Method of analysis. About 2 cm 3 of the control mixture (800 mg) is pipetted into a pre-weighed flask with a ground stopper and weighed, and then one of the substances (100 mg) present in the control mixture is added (as directed by the teacher) and weighed again.
Next, chromatograms of the initial control mixture and the control mixture with a standard additive of the component being determined are taken. The area under the peak of the analyzed component is measured on chromatograms and the analysis result is calculated using the formula
,
(1.6)
Where S X– area under the peak of the analyzed component in the sample;
S x+st– area under the peak of the analyzed component in the sample after introducing its standard additive into the sample WITH st ;
WITH(X) – concentration of the analyzed component in the sample;
WITH st– concentration of standard additive of the analyzed component, %:
Where m ext– mass of additive, g;
m samples – mass of the chromatographed sample, g.
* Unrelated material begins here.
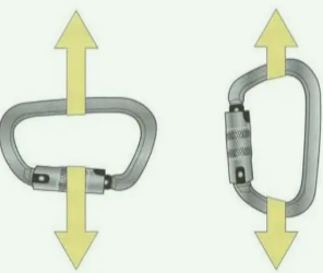 當安全鉤是懸空狀態(tài)時,調整開口向下。在安全鉤自身重力的作用下,會使荷載跟安全鉤彈力軸保持在一條線上。懸掛完安全鉤后,還要檢查鉤子是否已經(jīng)鎖緊。
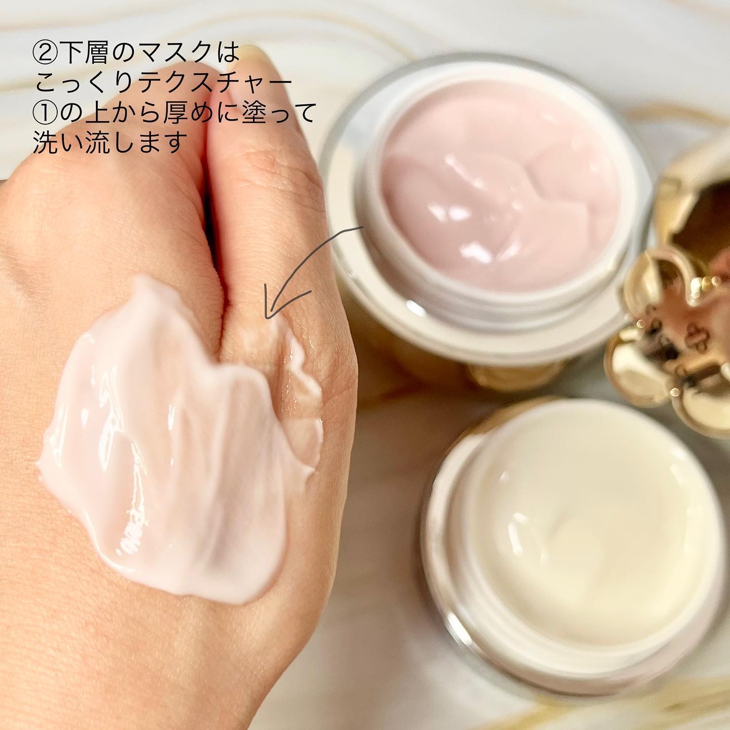 ゴージャスなゴールドとかわいいお花のパッケージがツボすぎる… 肌に直接乗せるクリームタイプのフェイスマスクのほうが繊細な凹凸もカバーできるとのこと どちらのクリームもほんのり桃色で化粧水でふきとったあとはふっくら、しっとり

Absolute calibration method (external standardization)
The absolute calibration method consists of constructing a calibration graph of the dependence of the chromatographic peak area ( S) on the content of the substance in the chromatographic sample ( m). A necessary condition is the accuracy and reproducibility of sample dosing, and strict adherence to the operating mode of the chromatograph. The method is used when it is necessary to determine the content of only individual components of the analyzed mixture and therefore it is necessary to ensure complete separation of only the peaks of the substances being determined from neighboring peaks in the chromatogram.
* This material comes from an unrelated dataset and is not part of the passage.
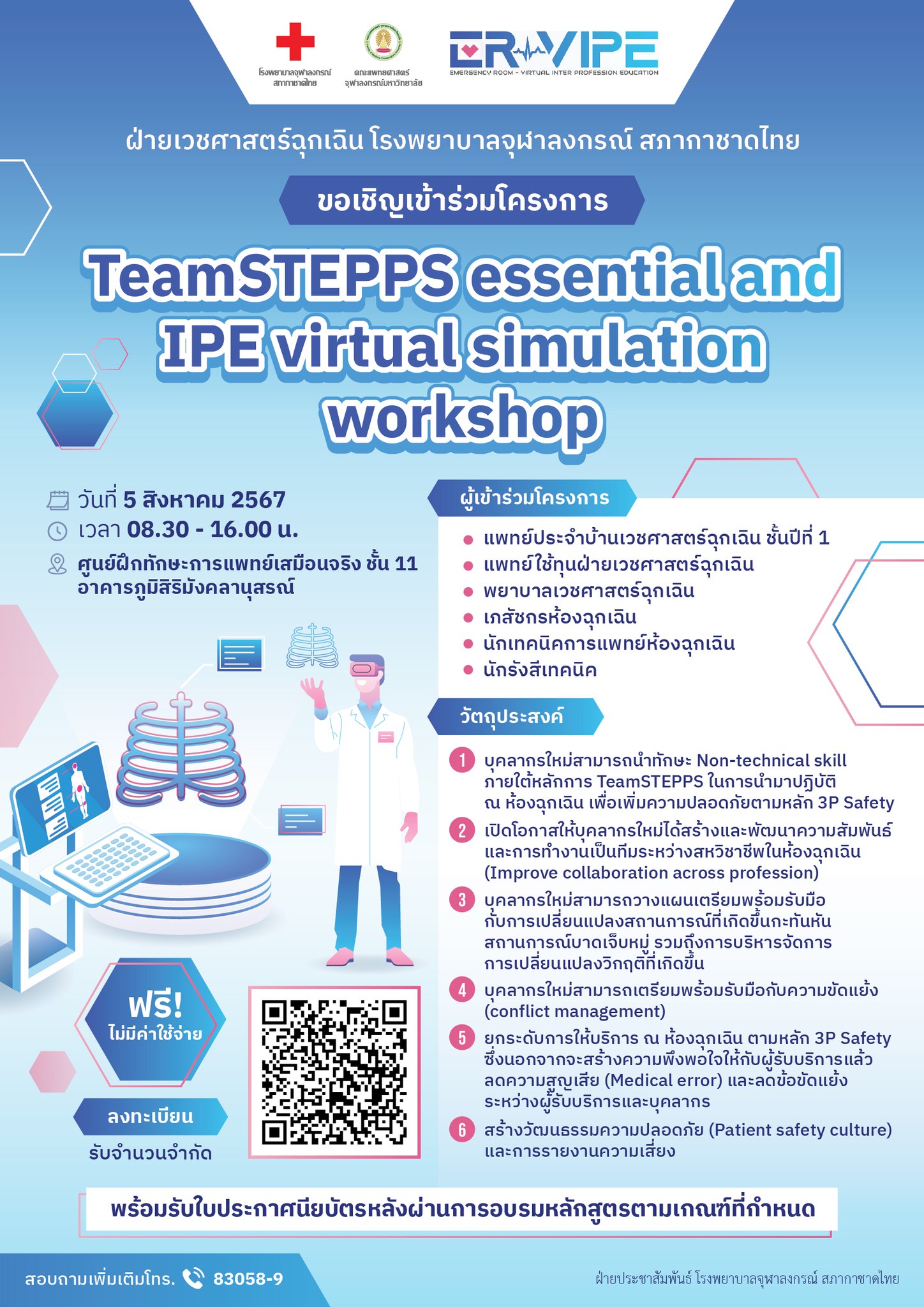 โรงพยาบาลจุฬาลงกรณ์ จัดโครงการ TeamSTEPPS essential and IPE virtual simulation workshop ในวันที่ 5 สิงหาคม 2567 เวลา 08.30 – 16.00 น. ณ ศูนย์ฝึกทักษะการแพทย์เสมือนจริง ชั้น 11 อาคารภูมิสิริมังคลานุสรณ์ โดยไม่มีค่าใช้จ่าย ไม่จำนวนจำกัด

Several standard solutions of the component being determined are prepared, equal quantities are introduced into the chromatograph, and the peak areas are determined ( S 1 , S 2 , S 3). The results are presented graphically (Figure 1.3).
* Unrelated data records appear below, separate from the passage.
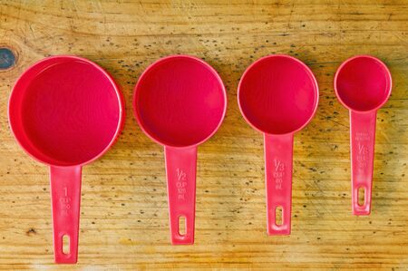 Red measuring cups in different sizes on a timber board
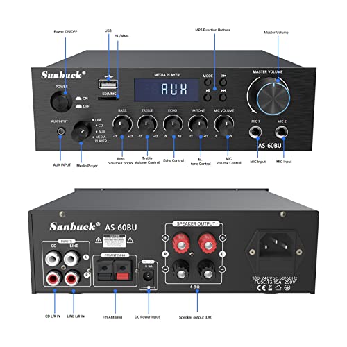 【280 W di potenza di picco】Amplificatore bluetooth può raggiungere una potenza di picco di 280 W, fornendo una potenza di uscita abbastanza potente. Questo sistema di amplificazione supporta altoparlanti passivi da 1,75" a 15", RMS 100W*2@4OHM. Perfetto per il tuo karaoke, home theater, sistema audio e cuffie monitor.
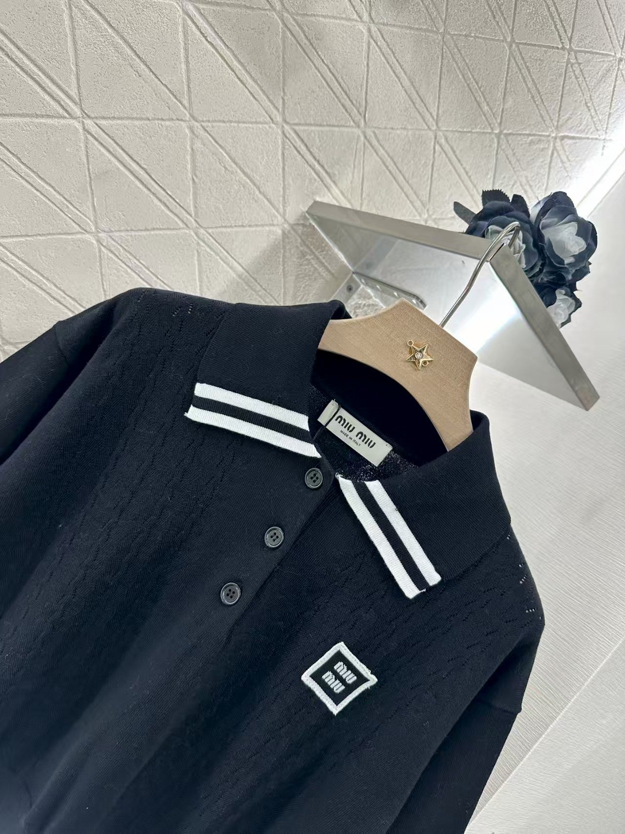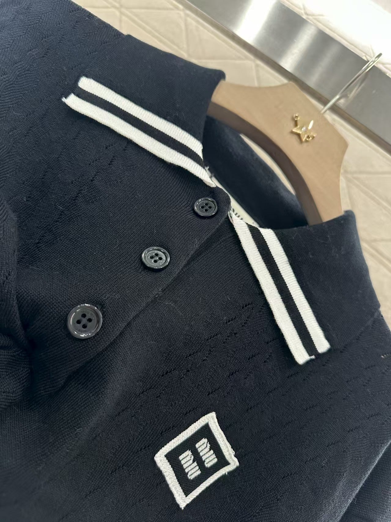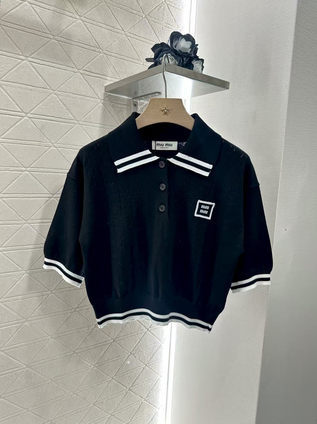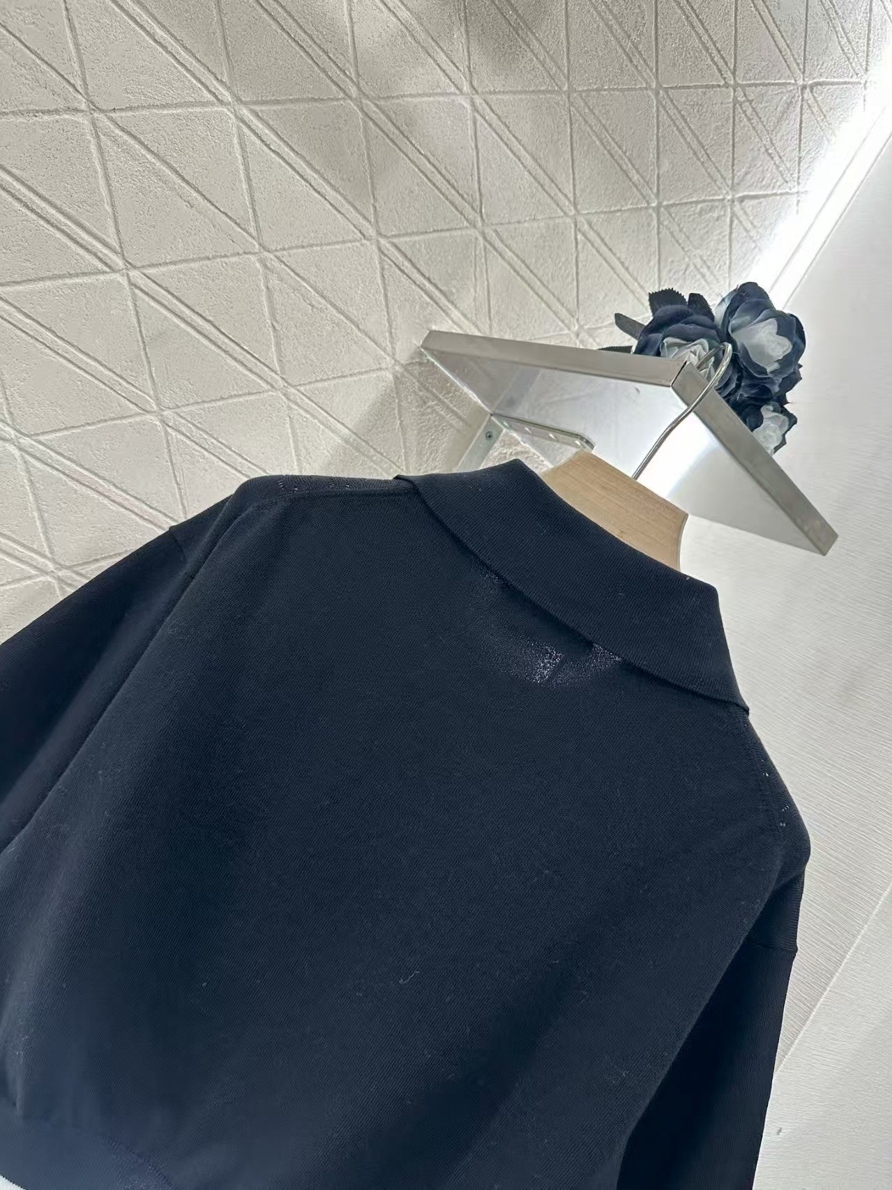 , comfortable texture, hollow and breathable, lapel half-open placket 𝑝𝑜𝑙𝑜 short sleeves, the whole body is interwoven with crochet texture, outlining the collision of vertical stripes, the brand letter logo is embroidered on the chest, highlighting the high-end sense of wear, the collar, cuffs and hem are made of contrasting stripes and threaded lace, elastic and tight for more exquisiteness, and slimming wear, short version, showing a small waist, showing a relaxed tone, highlighting the light luxury and fashionable temperament, can be worn alone or layered, the first choice for fashionable wear in all seasons

Figure 1.3 – Calibration graph
Concentration i th component in the sample (%) is calculated using the formula
Where m samples– mass of the chromatographed sample, g;
m i- content i th component, found from the calibration graph (see Figure 1.3), g.
1.2.3 Block diagram of a gas chromatograph
The block diagram of a gas chromatograph is shown in Figure 1.4.
Figure 1.4 – Block diagram of a gas chromatograph:
1 – cylinder with carrier gas; 2 – drying, cleaning system and unit for regulating and measuring the rate of supply of carrier gas; 3 – device for sample introduction (dispenser); 4 – evaporator; 5 – chromatographic column; 6 – detector; 7 – thermostatic zones ( T And– evaporator temperature, T To – column temperature, T d – detector temperature); 8 – chromatogram
A chromatographic column, usually steel, is filled with a solid carrier (silica gel, activated carbon, red brick, etc.) with an applied stationary phase (polyethylene glycol 4000 or another modification, vaseline, silicone oil).
The temperature of the evaporator thermostat is 150 °C, the column temperature is 120 °C, and the detector thermostat is 120 °C.
Carrier gas – inert gas (nitrogen, helium, etc.).